▸ WHAT YOU SHOULD DO
Go to the line with "TOMMY HILFIGER Womens" in the records below, then output it and each following line exactly, up to and including the line with "mm)., Manufacturer: Oksdown". Skip pictures and add nothing.

▸ PROVIDED INFORMATION
☆ ☆ ☆ ☆ ☆ ☆ ☆
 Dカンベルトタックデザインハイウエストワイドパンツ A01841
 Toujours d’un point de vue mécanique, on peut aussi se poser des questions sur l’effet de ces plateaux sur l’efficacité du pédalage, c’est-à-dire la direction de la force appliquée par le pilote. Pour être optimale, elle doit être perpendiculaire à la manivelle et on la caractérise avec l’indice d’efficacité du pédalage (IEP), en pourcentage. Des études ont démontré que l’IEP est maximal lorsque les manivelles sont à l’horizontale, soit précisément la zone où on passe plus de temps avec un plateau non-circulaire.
☆ ☆ ☆ ☆ ☆ ☆ ☆
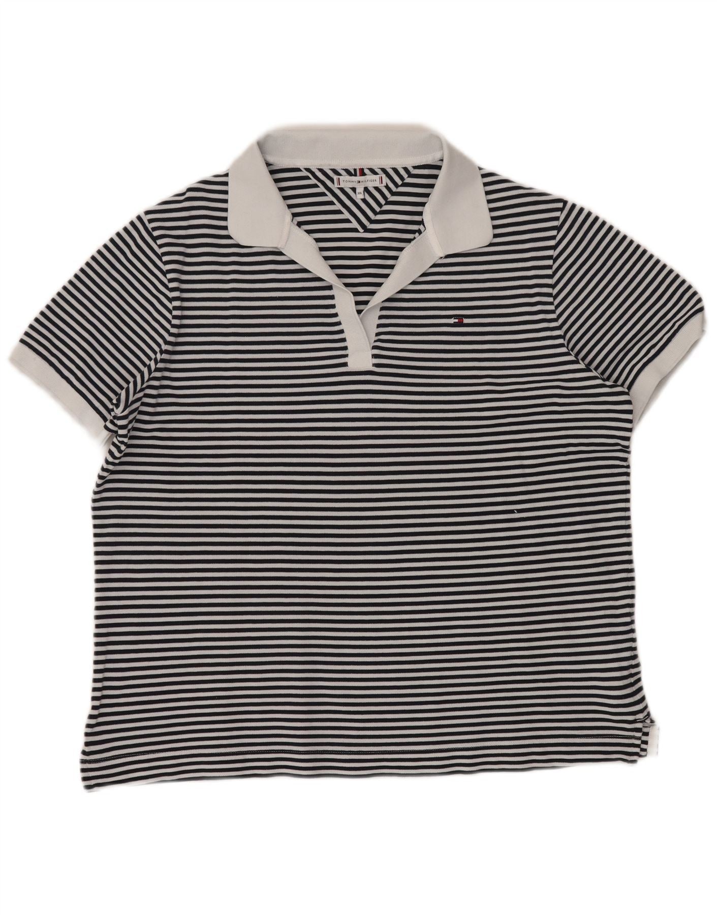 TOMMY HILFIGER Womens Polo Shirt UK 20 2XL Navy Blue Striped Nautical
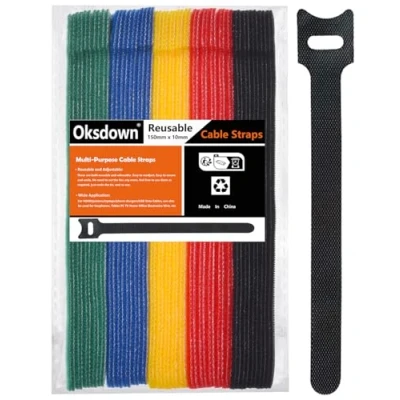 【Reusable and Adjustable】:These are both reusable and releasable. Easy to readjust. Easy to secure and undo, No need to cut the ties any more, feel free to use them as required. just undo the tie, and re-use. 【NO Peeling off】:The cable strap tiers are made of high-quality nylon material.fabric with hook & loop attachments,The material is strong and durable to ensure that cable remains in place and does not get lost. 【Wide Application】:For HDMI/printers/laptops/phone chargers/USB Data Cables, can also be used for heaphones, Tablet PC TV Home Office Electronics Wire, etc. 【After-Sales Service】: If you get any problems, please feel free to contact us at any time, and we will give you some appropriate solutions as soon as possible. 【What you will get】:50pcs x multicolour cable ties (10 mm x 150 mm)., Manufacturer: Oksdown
☆ ☆ ☆ ☆ ☆ ☆ ☆
▸ ANSWER TO THE EXERCISE
 TOMMY HILFIGER Womens Polo Shirt UK 20 2XL Navy Blue Striped Nautical
 【Reusable and Adjustable】:These are both reusable and releasable. Easy to readjust. Easy to secure and undo, No need to cut the ties any more, feel free to use them as required. just undo the tie, and re-use. 【NO Peeling off】:The cable strap tiers are made of high-quality nylon material.fabric with hook & loop attachments,The material is strong and durable to ensure that cable remains in place and does not get lost. 【Wide Application】:For HDMI/printers/laptops/phone chargers/USB Data Cables, can also be used for heaphones, Tablet PC TV Home Office Electronics Wire, etc. 【After-Sales Service】: If you get any problems, please feel free to contact us at any time, and we will give you some appropriate solutions as soon as possible. 【What you will get】:50pcs x multicolour cable ties (10 mm x 150 mm)., Manufacturer: Oksdown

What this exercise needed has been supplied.